The revelation he had tested positive, just a month before the presidential election, came in a tweet from Mr Trump at about 1am after he had returned from an afternoon political fundraiser in New Jersey.
He had gone ahead, saying nothing to the crowd though knowing he had been exposed to an aide with the disease that has infected millions in the US and killed more than a million people worldwide.
First Lady Melania Trump also tested positive, the president said, and several others in the White House have too, prompting concern that the White House or even Mr Trump himself might have spread the virus further.
The Trumps' son Barron, who lives at the White House, tested negative.
Mr Trump has spent much of the year downplaying the threat of the virus, rarely wearing a protective mask and urging states and cities to "reopen" and reduce or eliminate shutdown rules.
Both Democratic presidential nominee Joe Biden and his running mate Kamala Harris have tested negative, their campaign said.
Underlining his sudden advantage in the bitter presidential race, Mr Biden, 77, later travelled to Michigan, going ahead with a previously scheduled campaign stop.
Mr Biden said he was praying for Mr Trump and his family, with his campaign announcing it would pull negative ads attacking the president off the air.
However, Mr Biden also implicitly criticised the president, who has mocked him for routinely wearing a face mask.
"Be patriotic," Mr Biden said. "It's not about being a tough guy. It's about doing your job."
Vice President Mike Pence tested negative for the virus on Friday morning and "remains in good health," his spokesman said.
Mr Pence took over the president's planned calls with governments, with organisers confirmed his 7 October debate with Ms Harris will go ahead as planned.
Mr Trump's former adviser Kellyanne Conway has returned a COVID-positive test, along with his campaign manager Bill Stepien, according to a senior campaign official and reported by Reuters.

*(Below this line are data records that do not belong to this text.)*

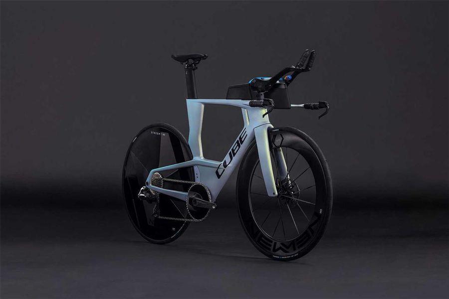 Der härteste Gegner im Kampf um Sekunden? Genau, der Luftwiderstand! Deshalb hat CUBE das siegreiche Triathlon-Bike noch mal unter die Lupe genommen und mit noch aerodynamischeren Komponenten bestückt. Das Ergebnis ist das Aerium C:68X SLT Aero, das durch die Luft schneidet wie ein heißes Messer durch Butter! Profile Design ASC Pro Extensions und das CUBE Cockpit ermöglichen eine individuelle, aber extrem windschnittige und damit supereffiziente Sitzposition. Der Newmen Streem TT80/Disc Vonoa Laufradsatz kommt mit einer Carbonscheibe hinten, die perfekt mit dem Hochprofil-Vorderrad harmoniert. Durch die Kombination mit den aerodynamischen Pro One Aero Pneus von Schwalbe wird jedes Watt effizient in Vortrieb umgewandelt. Diese Power übersetzt die Sram Red AXS 1x12-fach Schaltung mit einer gewachsten Ceramicspeed Red Kette samt passender Red Kurbel mit eingebautem Powermeter. Ebenso aerodynamisch wie kraftvoll: die Sram S-900 Aero Bremsen. Dieses Bike bedeutet Speed pur – damit ist der beste Bikesplit so gut wie gesetzt!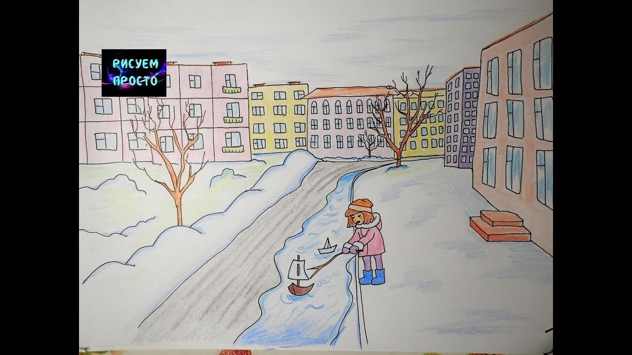 ![Зимний город рисунок детский]()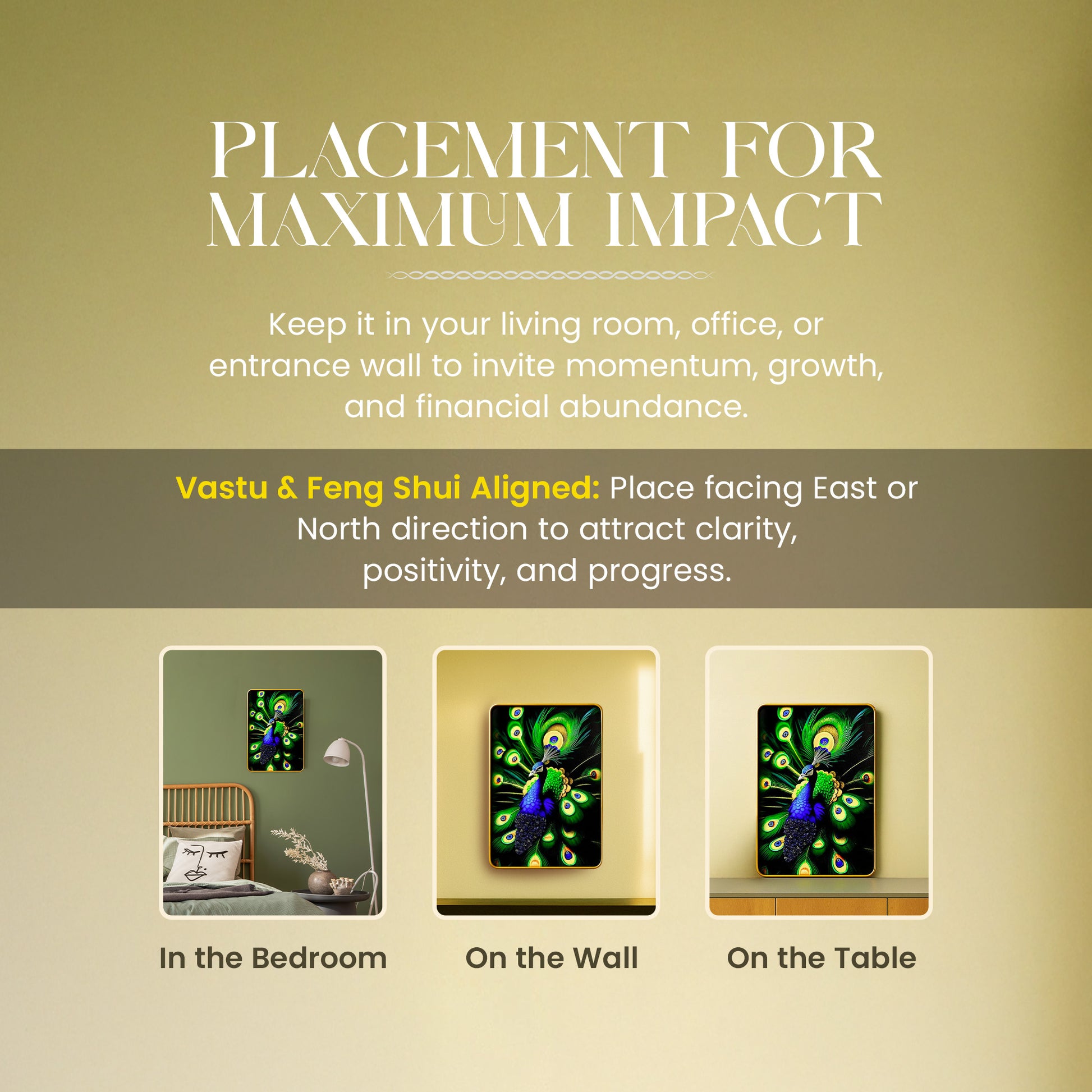 With its vivid blues and gold-flecked beauty, this artwork not only elevates your wall — it uplifts your aura. The peacock’s poised presence becomes a daily reminder of self-confidence, clarity, and awakening.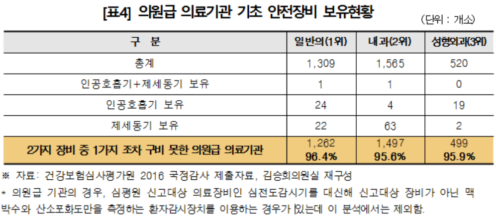 20일 새누리당 김승희 의원은 "프로포폴 사용 의원급 의료기관에서 인공호흡기, 제세동기 등 환자안전용 필수 의료기기 장비를 구비하지 않은 곳은 95%에 달했다"고 밝혔다.
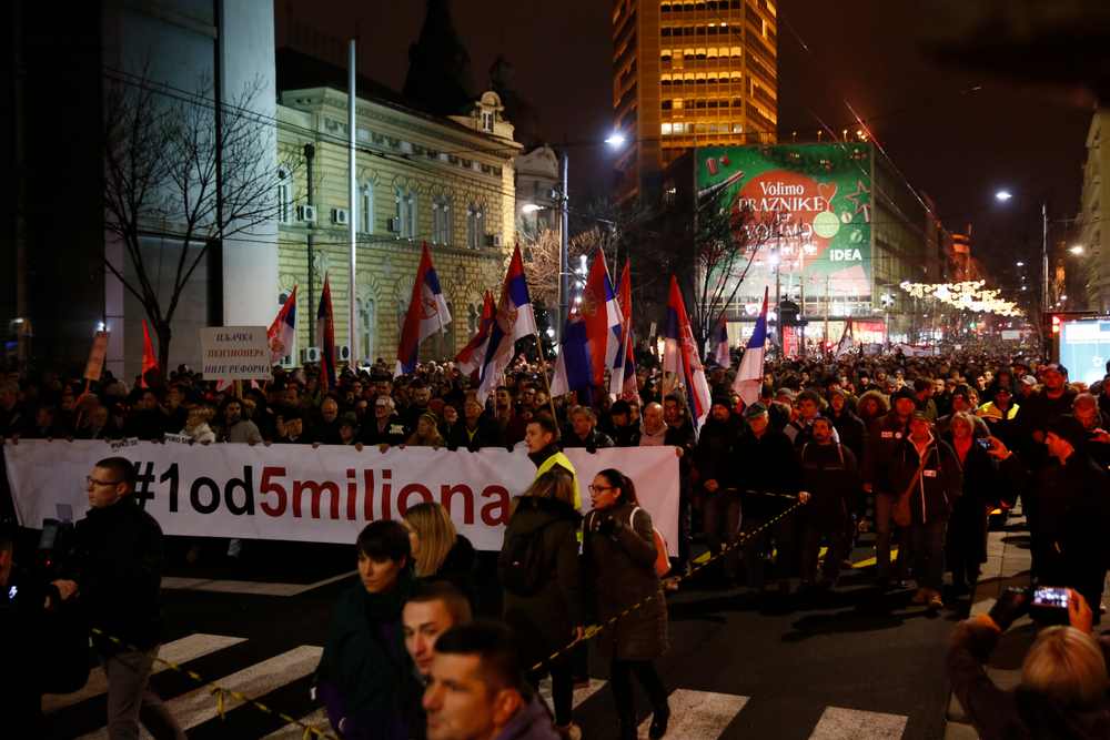 Protestiamo contro la crescente povertà dei cittadini e contro l’arricchimento vergognoso delle persone vicine al governo. Protestiamo per le leggi abolite, per il progetto Belgrado sull’acqua e il caso Savamala, per i criminali con dei passamontagna in testa che di notte distruggono quello che vogliono, per i criminali che decidono delle nostre vite, per le luminarie natalizie a Belgrado che brillano da settembre ad aprile, mentre i soldi spesi per acquistarle potrebbero essere usati per risolvere problemi sempre più numerosi.

Ms Conway tweeted on Friday that she has a "light cough" and was "feeling fine."
"I have begun a quarantine process in consultation with physicians," she added.

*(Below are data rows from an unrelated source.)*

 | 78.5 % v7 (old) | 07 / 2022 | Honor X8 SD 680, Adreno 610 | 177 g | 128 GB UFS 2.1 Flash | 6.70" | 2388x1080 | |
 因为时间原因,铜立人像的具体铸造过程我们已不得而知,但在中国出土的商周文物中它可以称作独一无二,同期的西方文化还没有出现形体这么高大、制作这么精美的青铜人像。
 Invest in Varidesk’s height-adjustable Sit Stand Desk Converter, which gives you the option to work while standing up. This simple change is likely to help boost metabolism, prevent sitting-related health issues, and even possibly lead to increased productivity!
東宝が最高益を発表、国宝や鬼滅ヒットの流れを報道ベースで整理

Ms Conway attended the Rose Garden announcement on Saturday where Mr Trump announced his nomination of Judge Amy Coney Barrett to the Supreme Court.
At least three others who attended the event - Republican senators Mike Lee and Thom Tillis and University of Notre Dame President John Jenkins - have since said they also tested positive for the virus.
Judge Barrett has tested negative, the White House said.
Mr Trump's diagnosis is sure to have a destabilising effect in Washington DC and across the world, raising questions about how far the virus has spread through the US government.
Hours before Mr Trump announced he had contracted the virus, the White House said a top aide who had travelled with him during the week had tested positive.
While House chief of staff Mark Meadows on Friday tried to assure the public that Mr Trump was conducting business as usual, even as he confirmed that the White House knew Hope Hicks, the aide, had tested positive before Mr Trump attended Thursday's fundraiser in New Jersey.
"I can tell you in terms of Hope Hicks, we discovered that right as Marine One was taking off yesterday," said Mr Meadows.
Several staffers were pulled from the trip, but Mr Trump did not cancel and there was no direct evidence that her illness was connected to his.
While many White House and senior administration officials were undergoing tests on Friday, the full scale of the outbreak around the president may not be known for some time as it can take days for an infection to be detectable by a test.
Officials with the White House Medical Unit were tracing the president's contacts.
Mr Trump is the latest world leader to contract the virus.
British Prime Minister Boris Johnson was rushed into intensive care after falling gravely ill in March. Brazilian President Jair Bolsonaro called the virus a “little flu” after being infected in July. Both men have recovered.